To value our positions we want to multiply them by the returns in the following minute. I have a preference for moving the returns back in time by one step, so that I can see what the gross PnL of a particular signal was, you might prefer to move your signal forward in time for it to align with when you would have realised the gross PnL. You say tomato, I say tomato.
(positions*returns_df.shift(-1)).cumsum().plot(grid=True)
<AxesSubplot:>
As we can see lines go bottom left to top right, what every quant is looking for. Let's take a look at the portfolio as a whole and and compare it with buying and holding 1000 USD of BTC, ETH and BNB.
NB. For the quick minded reader, you'll see I cumulatively summed percentage returns. Very naughty you might say, I should have used log returns or cumulatively multiplied. I say bite me I'm a maverick, or more accurately, that I am just betting 3000 USD each day with no compounding, whichever answer you prefer.
strategy_pnl = (positions*returns_df.shift(-1)).sum(1)

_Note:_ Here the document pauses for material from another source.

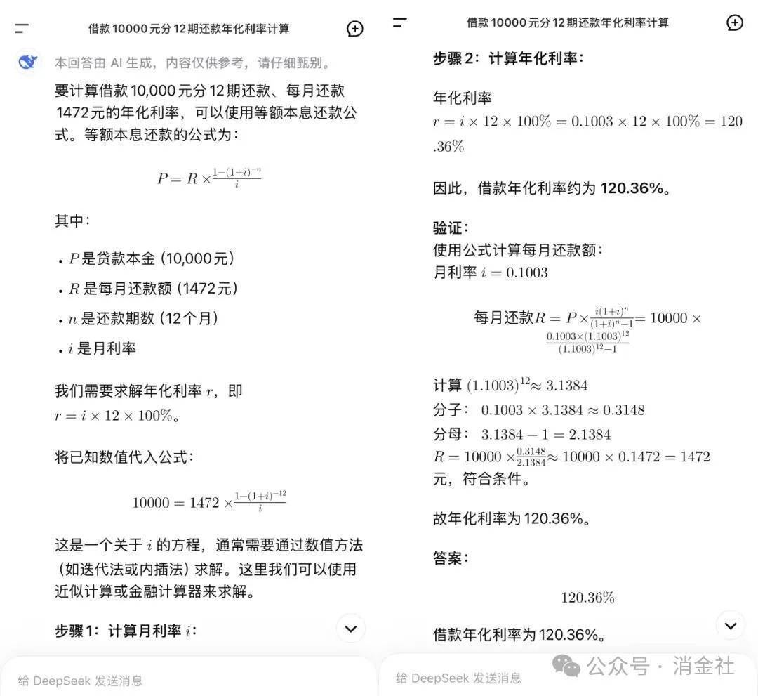 若以借款总额为10000元,分12期,每期还款1472元计算,DeepSeek计算出该笔借款的年化利率为120.36%。

hold_pnl = (1000 * returns_df).sum(1)
create_pnl_srs(strategy_pnl, 'Strat')
create_pnl_srs(hold_pnl, 'BnH')
Ok so we outperformed the market by quite a bit. In fact on \$ 3000 we made
strat_gross_pnl = strategy_pnl.sum()
strat_returns = 100 * strategy_pnl.sum() / dollars_at_risk
strat_sr = np.sqrt(260) * strategy_pnl.resample('B').sum().mean() / strategy_pnl.resample('B').sum().std()
print(f"Gross Pnl: ${strat_gross_pnl:.2f}\nReturns: {strat_returns:.2f}%\nSharpe Ratio: {strat_sr:.2f}")
Gross Pnl: $12319.90 Returns: 410.66% Sharpe Ratio: 9.73
When compared with buy and hold which did
bnh_gross_pnl = hold_pnl.sum()
bnh_returns = 100 * hold_pnl.sum() / dollars_at_risk
bnh_sr = np.sqrt(260) * hold_pnl.resample('B').sum().mean() / hold_pnl.resample('B').sum().std()
print(f"Gross Pnl: ${bnh_gross_pnl:.2f}\nReturns: {bnh_returns:.2f}%\nSharpe Ratio: {bnh_sr:.2f}")
Gross Pnl: $-1239.96 Returns: -41.33% Sharpe Ratio: -0.69
Not bad at all! I hear you clamour. Why didn't we start trading yesterday? I hear you shout. Well, there's a catch, there's always a catch.
So we've demonstrated a process which you might follow as an easy introduction to statistical arbitrage, but unfortunately it's flawed for a multitude of reasons:
But never fear dear reader, we can build upon this start. We can start to include more sophisticated signals, with multiple time horizons and mean-variance optimisation thrown in to boot. We can layer in other pieces of data and increase the universe of symbols and locations we trade. There is plenty more work to do here.